Effects of inhibition of PLD on cell movement
To confirm that these changes in cell speed were caused by inhibition of PtdOH formation through PLD, 100 μM dioctanoyl-PtdOH (a soluble and membrane-permeant analogue of PtdOH) was added to butan-1-ol-treated cells. This treatment restored normal cell speed within 5 min (Figure 1B), even after 30 min of butan-1-ol-induced immobility. The effects of butan-1-ol were therefore (i) specific to PLD activity, as replacing the product of the PLD enzyme abolished the inhibition, and (ii) fully reversible, suggesting that butan-1-ol was not non-specifically toxic. As a further control, we repeated all experiments with t-butanol, a similarly hydrophobic and membrane-permeant molecule: 50 mM t-butanol had no effect on cell movement. It therefore appears that PLD signalling is essential for Dictyostelium cell motility.

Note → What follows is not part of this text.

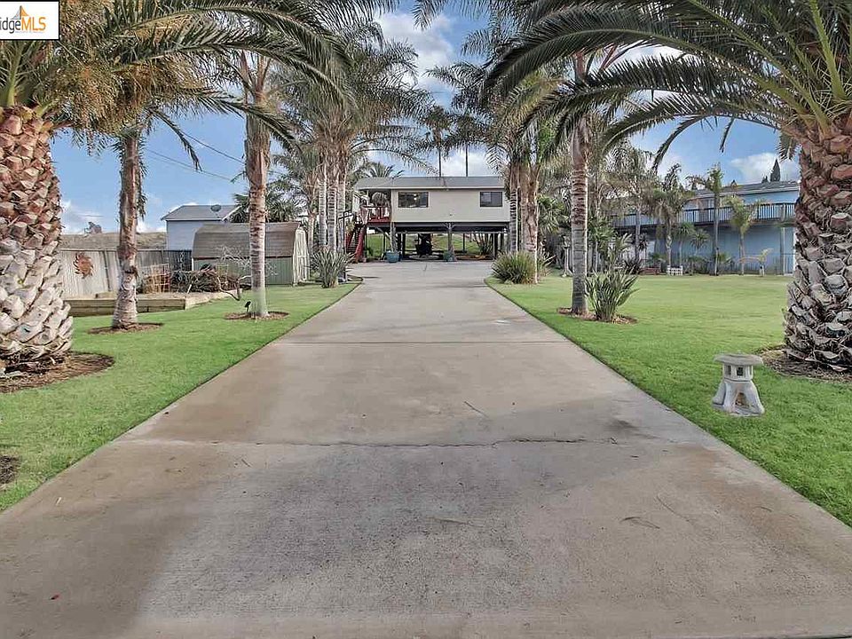 Great opportunity to enjoy the island & water life! Need a weekend getaway or new relaxing lifestyle? This is it, an awesome waterfront home, lot & boat-ready dock! Half+ acre lot w/2 homes & parcels. Main home is levee level & beautifully updated. 896 sq ft, 2 bed/1 bath. Kitchen w/slab granite, SS appliances, island & more. Gorgeous bath! Rich wood floors & high baseboards! Beadboard wainscotting & matching doors! Custom lights & ceiling fan/light fixtures! Mirrored closet doors! Pleated shades! Pellet stove! Laundry w/washer, dryer & shelves. Covered deck w/ceiling fan light fixtures. Relax & enjoy water views. 2nd is the ground level original home w/100+ sq ft, 1 room/1 bath. Perfect for guests/Airbnb. Huge lot with so much to love & enjoy! May be possible to build a new home on 2nd parcel. Mature tropical landscaping! Fire pit! Large shed! Add an oversized garage! Long driveway w/lots of room for you, your toys & guests. Fully fenced yard w/wiring to add gate opener. So much more!
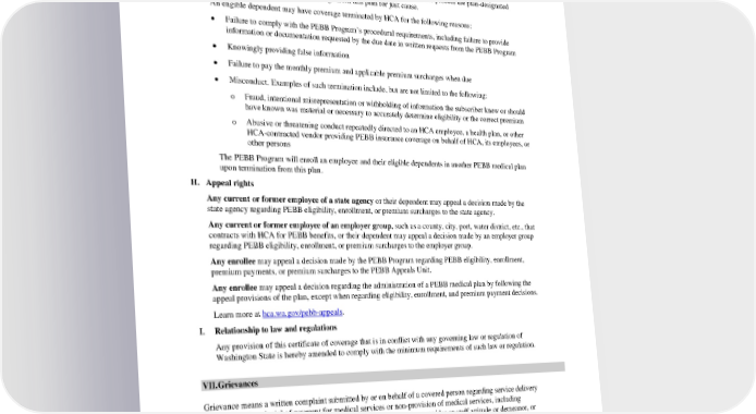 If coverage is no longer available to the employee under this certificate of coverage, then the employee may be eligible to purchase an individual medical plan from this plan consistent with premium rates filed with the Washington State Office of the Insurance Commissioner. 2. Termination for just cause The purpose of this provision is to allow for a fair and consistent method to process the plan-designated provider’s request to terminate coverage from this plan for just cause. An eligible dependent may have coverage terminated by HCA for the following reasons: • Failure to comply with the PEBB Program’s procedural requirements, including failure to provide information or documentation requested by the due date in written requests from the PEBB Program • Knowingly providing false information • Failure to pay the monthly premium and applicable premium surcharges when due • Misconduct. Examples of such termination include, but are not limited to the following: o Fraud, intentional misrepresentation or withholding of information the subscriber knew or should have known was material or necessary to accurately determine eligibility or the correct premium o Abusive or threatening conduct repeatedly directed to an HCA employee, a health plan, or other HCA-contracted vendor providing PEBB insurance coverage on behalf of HCA, its employees, or other persons The PEBB Program will enroll an employee and their eligible dependents in another PEBB medical plan upon termination from this plan. H. Appeal rights Any current or former employee of a state agency or their dependent may appeal a decision made by the state agency regarding PEBB eligibility, enrollment, or premium surcharges to the state agency. Any current or former employee of an employer group, such as a county, city, port, water district, etc., that contracts with HCA for PEBB benefits, or their dependent may appeal a decision made by an employer group regarding PEBB eligibility, enrollment, or premium surcharges to the employer group. Any enrollee may appeal a decision made by the PEBB Program regarding PEBB eligibility, enrollment, premium payments, or premium surcharges to the PEBB Appeals Unit. Any enrollee may appeal a decision regarding the administration of a PEBB medical plan by following the appeal provisions of the plan, except when regarding eligibility, enrollment, and premium payment decisions. Learn more at hca.wa.gov/pebb-appeals. I. Relationship to law and regulations Any provision of this certificate of coverage that is in conflict with any governing law or regulation of Washington State is hereby amended to comply with the minimum requirements of such law or regulation. VII. Grievances Grievance means a written complaint submitted by or on behalf of a covered person regarding service delivery issues other than denial of payment for medical services or non-provision of medical services, including dissatisfaction with medical care, waiting time for medical services, provider or staff attitude or demeanor, or dissatisfaction with service provided by the health carrier. The grievance process is outlined as follows: Step 1: It is recommended that the Enrollee should contact the person involved or the manager of the medical center/department where they are having a problem, explain their concerns and what they would like to have done to resolve the problem. The Enrollee should be specific and make his/her position clear. Most concerns can be resolved in this way. PEBB HMOHSA 2024 62

Inhibition of PLD activity causes aberrant F-actin distribution
Previous studies have implied a connection between PLD and regulation of actin polymerization (for example, see [6,17]). We therefore tested whether inhibition of PLD signalling by butan-1-ol resulted in actin defects. Cells were incubated in the presence of different concentrations of butan-1-ol, fixed and stained with Texas Red–phalloidin to visualize F-actin. The results were both unexpected and extremely clear: even in cells treated with 30 mM butan-1-ol, which only caused a partial inhibition of cell movement, F-actin was almost totally mislocalized within the cell. At 50 mM butan-1-ol, the effects were even more apparent. A short time after butan-1-ol was added, the majority of the F-actin was distributed in the form of clusters, which varied in size and were distributed throughout the cytoplasm and in cell cortex (Figure 2). Three-dimensional reconstruction of the cells with actin clusters, as shown in Figure 2(C) and Supplementary Movie 2 (see http://www.BiochemJ.org/bj/389/bj3890207add.htm), showed that the largest clusters were located at the bases of cells, although spots of F-actin could be seen all over the surface. A second striking feature was visible after longer incubations (15 min or more): in almost all of the cells that were treated with 50 mM, and many of the cells with 30 mM, butan-1-ol, F-actin was substantially relocalized to the nucleus (Figure 2D and Supplementary Movie 3 at http://www.BiochemJ.org/bj/389/bj3890207add.htm). t-Butanol did not cause either effect (Figure 2E and Supplementary Movie 5 at http://www.BiochemJ.org/bj/389/bj3890207add.htm).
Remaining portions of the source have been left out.